Daily Debriefing

by Erin Jaeger | 10/8/07 2:22am

Local presidential candidate Robert Haines, 60, was arraigned Thursday in Manchester District Court on a charge of disorderly conduct, according to the New Hampshire Union Leader. The charge against him alleges that Haines began yelling at passersby on the corner of Elm and Merrimack Streets in Manchester shortly after 6 p.m. on Sept. 19 and refused to lower his voice. Haines argued in court that he was targeted by a police department that supports Sen. Hillary Clinton, D-NY, for president. Haines reportedly arrived more than two hours late for his arraignment. After entering the courtroom, Haines was escorted from the premises for disrupting court proceedings when he loudly asked prosecutors and court personnel to support his presidential campaign. Judge Norman Champagne set Haines's disorderly conduct trial for Dec. 20.

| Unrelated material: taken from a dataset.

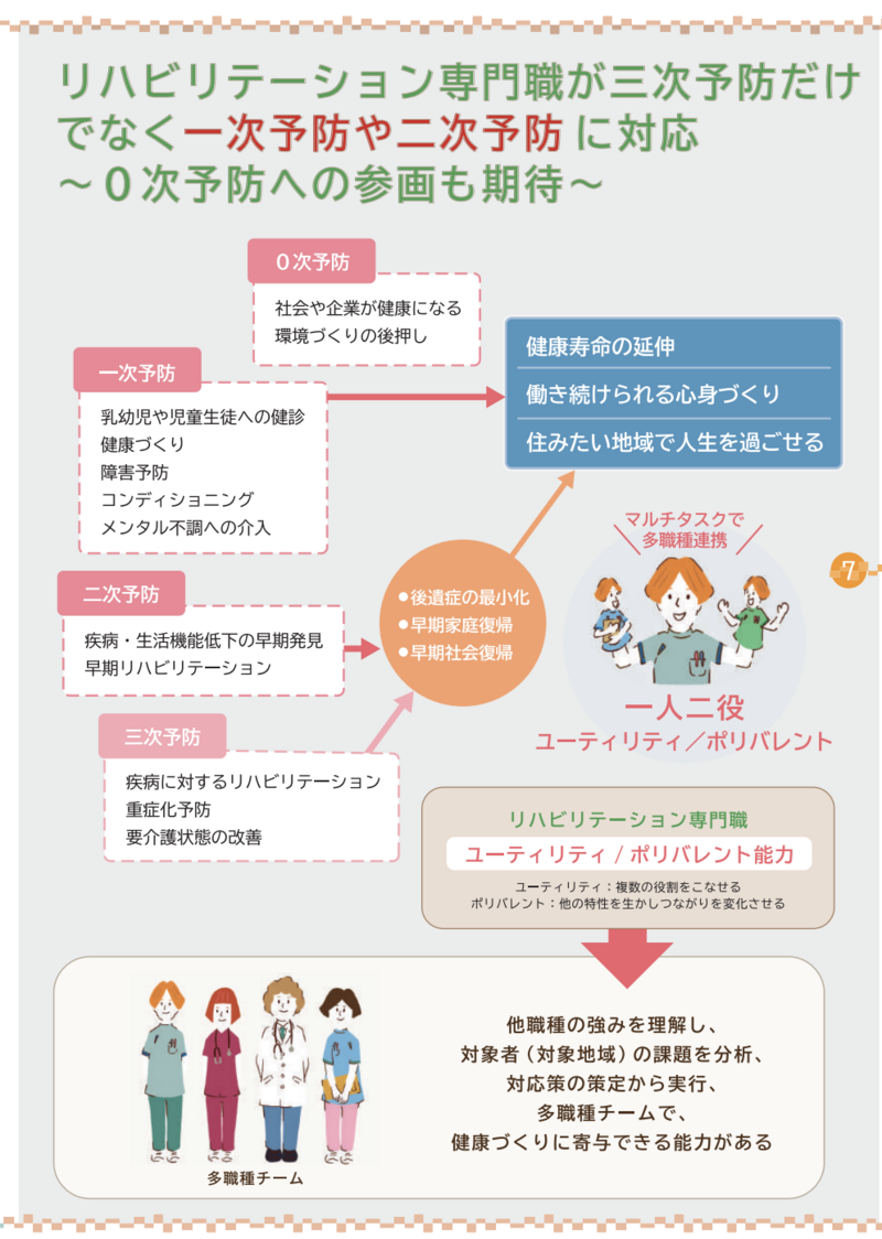 手引きが想定するリハ専門職の役割は、3次予防(疾病に対するリハビリテーション、重症化防止・復帰改善)にとどまりません。0次予防(社会そのものを健康にする仕掛け)、1次予防(気軽に受けられる体づくり、住みたい地域で人生を過ごせる)、2次予防(疾病・生活習慣病の早期発見・早期リハ)まで、「健康寿命の延伸」を軸に参画領域を広げる構成です。

San Luis Obispo County police have identified the bodies of three family members found dead from gunshot wounds as Barbara C. Rivard '85, her husband John and their seven-year-old daughter Olivia. Rivard and her family were found in their home on Wednesday morning. Police believe the deaths to have been a murder-suicide, but, at press time, they said it was unclear as to who shot whom. The results from autopsies performed Wednesday afternoon have not yet been released. Police believe that a gun found in the house was used in the incident. The couple also has two other children, a five-year-old girl and a four-year-old boy, who were found unharmed in the family's home.

University of Toronto graduate Malcom Gladwell will argue that the Ivy League should be dissolved at the New York Society for Ethical Culture on Friday night. Gladwell, author of "Blink: The Power of Thinking without Thinking" and contributor to The New Yorker, will speak to a full house about how the Ivy League's admission process fosters elitism in American society. Another writer for The New Yorker, Adam Gopnik, will argue against Gladwell, asserting that simply dropping the "Ivy League" title, originally designated in 1954 as an athletic conference, will do nothing to eliminate the League members' famed reputations. Simon Schama, an art history and history professor at Columbia University, will moderate the debate. Although his children attended Harvard and Columbia, Schama told the New York Sun that he has no position on the issue.